View larger version (82K): [in this window] [in a new window]   Figure 2. Optical micrographs illustrating damage sustained in d.SIGN porcelain layers (both translucent and opaque) fused to metal copings, cement-bonded to dental composite support (Z100) following P = 200 N cyclic loading with a sphere indenter (r = 3.18 mm) in water. Specimens were sectioned through the indentation site and polished for cross-sectional examination. d.SIGN porcelains on gold alloy coping after (a) n = 15,000, and (b) n = 25,000. d.SIGN porcelains on palladium-silver alloy coping following (c) n = 50,000, and (d) n = 400,000. Note inner cone cracks (I) and radial cracks (R).

Fig. 3a shows damage sustained in the P/Zr system following 550,000 loading cycles. Outer cone cracks formed after several cycles, and inner cone cracks formed at ~ 10³ cycles.
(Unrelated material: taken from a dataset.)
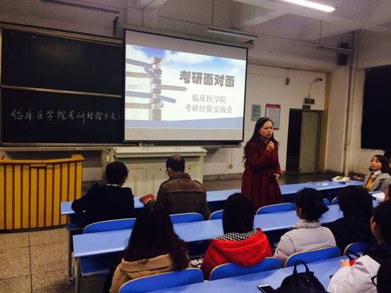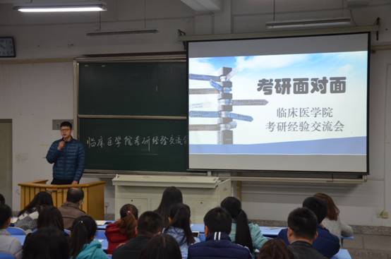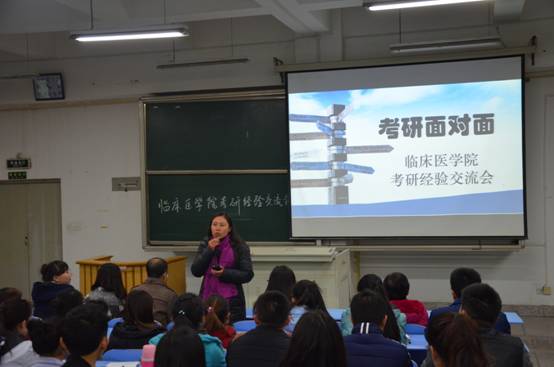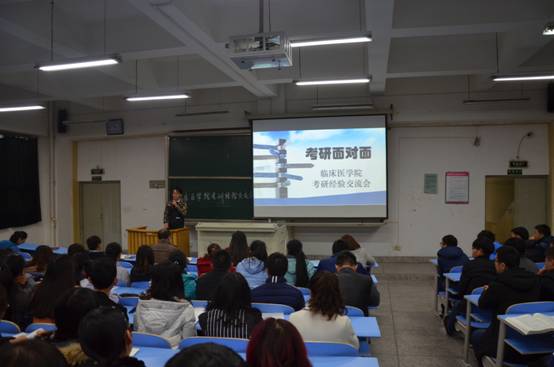 随后,三位经验丰富的学长学姐分别介绍经验。2015级泌尿外科研究生雷琳以主题”欲戴其冠,必承其重”讲述了她47天的考研路,从方法到心态让我们受益匪浅。2015级肝胆外科研究生牛放从政治,英语和西综三方面为大家做了精细的介绍,题型考点技巧言之成理。 2016级研究生赵子豪讲述了他如何从大三就开始考研复习,如何放平心态,提出要抱团学习互相监督。他们的每一句话于台下的同学们而言,无论是2012级备战30天的考生们,还是是2013级要进入考研大军的同学们,都是百宝万货。

Although inner cone cracks reached the veneer/core interface at ~ 50,000–100,000 cycles, they remained contained after 550,000 cycles—neither penetrating the Y-TZP core nor propagating along the porcelain/Y-TZP interface (Fig. 3a). There was no evidence of radial cracking at the lower surface of either the porcelain veneer or the Y-TZP core. In fact, no radial cracks were observed even after prolonged fatigue-loading at 600 N. These findings were similar to the fracture development observed in the P/Pd system (Fig. 2d), but differed from the veneered alumina, where both contact-induced occlusal surface fracture (outer and inner cone cracking) and flexure-induced cementation surface bulk fracture (radial cracking) were evident (Stappert et al., unpublished observations). The radial cracking initiated at the lower surface of the alumina core and propagated into the porcelain veneer in 90% of the specimens tested in the fatigue load range between ~ 180 and 230 N (Stappert et al., unpublished observations).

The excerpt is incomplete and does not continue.